Le premier but du traitement est de diminuer la masse cellulaire circulante pour éviter les thromboses vasculaires. Le meilleur médicament est le busulfan, donné d’abord à raison de 3 à 4 comprimés par jour, puis à doses dégressives en fonction de la leucocytose, qui baisse 2 à 4 semaines après le début du traitement.

La rémission obtenue, le sujet peut mener une vie normale, mais il faut vérifier l’hémogramme chaque mois, car trois risques sont possibles.
— La rechute hématologique, puis clinique, si elle est négligée, exposerait de nouveau aux thromboses. Selon les cas, les rechutes sont plus ou moins rapides et précoces, de quelques semaines à 2 ans, voire 3 ans, 5 ans, 10 ans, 15 ans quelquefois. Il faut les traiter rapidement par le busulfan et ramener la leucocytose à la normale.
— L’insuffisance médullaire, ou aplasie thérapeutique globale toxique, survient soit à la fin d’une cure de busulfan, soit au cours du traitement d’entretien continu. Elle est assez banale, mais son pronostic est relativement bon.
— La transformation aiguë, terme normal de la leucémie myéloïde chronique, survient au bout d’un délai allant de 6 mois à 10 ou 15 ans après le début de la maladie ; 50 p. 100 des malades arrivent à ce stade en 3 ans ou moins. C’est alors un tableau de leucose aiguë, révélée par des signes d’insuffisance médullaire (anémie, leucopénie, thrombopénie ; cliniquement, des hémorragies, des infections) ; ici, la moelle est riche en leucoblastes. Le pronostic est catastrophique, la mort survenant le plus souvent en moins de 3 mois ; des rémissions sont possibles, mais elles sont rarement longues. Le traitement est celui des leucémies aiguës myéloblastiques (v. ci-dessus).

• La polyglobulie.
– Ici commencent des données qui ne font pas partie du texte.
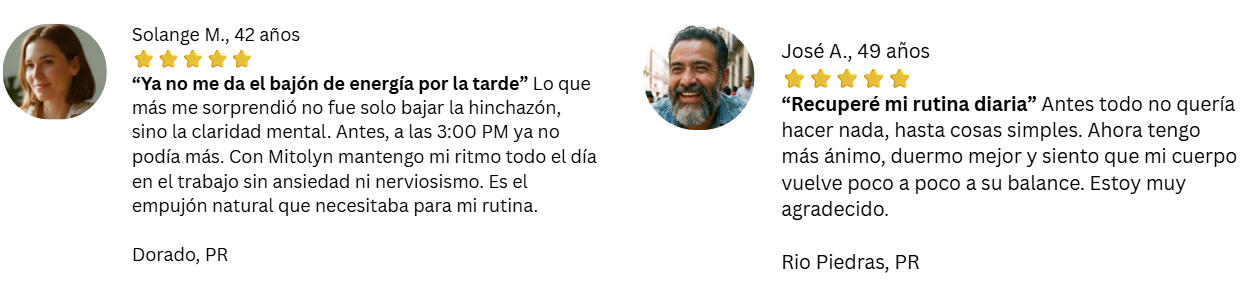¿Es seguro? ¿Tiene efectos secundarios?R: Mitolyn se fabrica en instalaciones registradas por la FDA y certificadas por GMP (Buenas Prácticas de Manufactura) en EE. UU. Su fórmula es 100% natural, libre de lácteos, soja y transgénicos (GMOs). No genera dependencia ni "bajones" de energía.

Parmi les autres syndromes myéloprolifératifs, il faut signaler la maladie de Vaquez, ou polyglobulie, dont le diagnostic est marqué par une augmentation du nombre des hématies, à symptomatologie fonctionnelle souvent riche. Le diagnostic en est facilité par l’âge, l’existence d’une splénomégalie, le faciès rubicond et rouge du malade, l’atteinte possible des autres lignées, mais celle-ci est inconstante. La maladie de Vaquez ne peut être affirmée qu’après avoir éliminé une tumeur rénale. L’évolution en est marquée par des thromboses vasculaires. Le traitement comporte essentiellement des saignées répétées ou des injections de phosphore radioactif. Le pronostic de la maladie de Vaquez est long et bon. Les malades doivent être surveillés par un hémogramme toutes les 6 semaines — afin de dépister une remontée des globules rouges — et traités précocement. La reprise du traitement, espacé de 6 mois à 3 ans, est nécessaire en fonction des poussées. À distance, le risque majeur est la transformation en leucémie aiguë, qui survient dans 10 p. 100 des cas, ou une œstéo-myélosclérose avec insuffisance médullaire. La durée moyenne de survie est de 12 à 20 ans avec des évolutions qui peuvent atteindre de 20 à 30 ans.

• La thrombocytémie essentielle. C’est une affection très voisine de la leucémie myéloïde chronique qui porte essentiellement sur les thrombocytes, ou plaquettes. Son traitement est l’hydroxyurée.